**Directions**
Transcribe only the lines of the listing below from the one holding "Cache pot sur" through the one holding "Handmade gold plated", inclusive, without any change.
____
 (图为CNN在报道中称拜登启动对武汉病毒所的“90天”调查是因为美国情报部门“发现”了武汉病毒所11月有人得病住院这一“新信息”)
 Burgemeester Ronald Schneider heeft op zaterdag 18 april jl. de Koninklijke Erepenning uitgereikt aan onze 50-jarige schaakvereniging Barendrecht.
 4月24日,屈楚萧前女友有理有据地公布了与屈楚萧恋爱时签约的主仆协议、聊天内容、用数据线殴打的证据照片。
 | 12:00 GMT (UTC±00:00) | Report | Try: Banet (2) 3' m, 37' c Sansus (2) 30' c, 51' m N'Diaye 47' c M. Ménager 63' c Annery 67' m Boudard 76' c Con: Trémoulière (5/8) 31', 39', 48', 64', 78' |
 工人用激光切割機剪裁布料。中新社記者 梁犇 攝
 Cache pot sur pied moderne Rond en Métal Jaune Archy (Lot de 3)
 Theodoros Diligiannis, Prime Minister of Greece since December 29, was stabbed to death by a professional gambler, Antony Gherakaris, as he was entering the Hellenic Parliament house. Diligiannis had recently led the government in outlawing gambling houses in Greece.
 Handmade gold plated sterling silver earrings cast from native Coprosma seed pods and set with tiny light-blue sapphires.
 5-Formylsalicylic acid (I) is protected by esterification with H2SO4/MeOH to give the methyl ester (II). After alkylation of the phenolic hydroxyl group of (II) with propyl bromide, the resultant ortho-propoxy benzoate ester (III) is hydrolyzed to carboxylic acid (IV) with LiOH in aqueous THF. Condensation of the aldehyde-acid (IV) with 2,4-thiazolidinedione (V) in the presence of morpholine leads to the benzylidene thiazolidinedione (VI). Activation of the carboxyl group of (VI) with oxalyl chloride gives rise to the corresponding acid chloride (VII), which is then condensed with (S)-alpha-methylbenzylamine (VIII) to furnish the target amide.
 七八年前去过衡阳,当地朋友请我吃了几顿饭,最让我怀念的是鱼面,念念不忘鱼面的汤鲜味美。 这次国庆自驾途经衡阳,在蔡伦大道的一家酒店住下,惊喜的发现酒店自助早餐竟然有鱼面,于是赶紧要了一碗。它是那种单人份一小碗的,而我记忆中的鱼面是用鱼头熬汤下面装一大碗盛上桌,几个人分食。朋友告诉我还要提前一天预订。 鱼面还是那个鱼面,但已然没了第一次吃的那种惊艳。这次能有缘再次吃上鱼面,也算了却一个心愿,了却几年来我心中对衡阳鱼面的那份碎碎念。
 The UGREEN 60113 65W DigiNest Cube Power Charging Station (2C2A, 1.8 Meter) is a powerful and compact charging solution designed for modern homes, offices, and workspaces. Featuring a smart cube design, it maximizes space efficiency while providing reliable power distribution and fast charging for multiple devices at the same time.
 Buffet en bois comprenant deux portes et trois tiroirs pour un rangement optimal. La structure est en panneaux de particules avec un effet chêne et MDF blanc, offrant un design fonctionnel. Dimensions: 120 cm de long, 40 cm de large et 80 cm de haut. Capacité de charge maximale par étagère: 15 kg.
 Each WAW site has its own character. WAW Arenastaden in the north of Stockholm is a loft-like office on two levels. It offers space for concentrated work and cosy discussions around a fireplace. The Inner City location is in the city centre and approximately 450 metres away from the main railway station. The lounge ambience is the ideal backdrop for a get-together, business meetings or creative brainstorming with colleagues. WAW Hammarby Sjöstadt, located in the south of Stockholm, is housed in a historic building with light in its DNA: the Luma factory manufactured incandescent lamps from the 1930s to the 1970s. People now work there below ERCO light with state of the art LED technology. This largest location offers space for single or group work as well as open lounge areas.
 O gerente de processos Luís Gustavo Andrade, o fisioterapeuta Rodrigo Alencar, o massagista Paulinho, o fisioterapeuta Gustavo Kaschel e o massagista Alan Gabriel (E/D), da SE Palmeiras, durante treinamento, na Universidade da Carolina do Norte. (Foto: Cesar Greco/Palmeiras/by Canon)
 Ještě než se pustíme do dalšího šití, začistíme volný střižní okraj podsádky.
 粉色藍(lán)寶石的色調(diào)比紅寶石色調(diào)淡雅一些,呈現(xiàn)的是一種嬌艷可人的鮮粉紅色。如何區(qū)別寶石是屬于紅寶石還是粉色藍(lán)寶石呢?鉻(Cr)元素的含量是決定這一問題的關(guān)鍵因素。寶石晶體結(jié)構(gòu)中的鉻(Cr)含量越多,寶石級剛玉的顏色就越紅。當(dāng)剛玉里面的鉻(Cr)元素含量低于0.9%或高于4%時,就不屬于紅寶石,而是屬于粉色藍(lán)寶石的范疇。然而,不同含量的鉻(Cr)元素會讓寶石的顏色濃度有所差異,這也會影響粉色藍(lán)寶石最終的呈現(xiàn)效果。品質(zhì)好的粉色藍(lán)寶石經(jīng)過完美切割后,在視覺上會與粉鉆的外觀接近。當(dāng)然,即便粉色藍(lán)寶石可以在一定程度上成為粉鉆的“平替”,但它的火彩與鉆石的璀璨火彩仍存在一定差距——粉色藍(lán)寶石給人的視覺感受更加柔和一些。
____
**Exercise solution**
 Cache pot sur pied moderne Rond en Métal Jaune Archy (Lot de 3)
 Theodoros Diligiannis, Prime Minister of Greece since December 29, was stabbed to death by a professional gambler, Antony Gherakaris, as he was entering the Hellenic Parliament house. Diligiannis had recently led the government in outlawing gambling houses in Greece.
 Handmade gold plated sterling silver earrings cast from native Coprosma seed pods and set with tiny light-blue sapphires.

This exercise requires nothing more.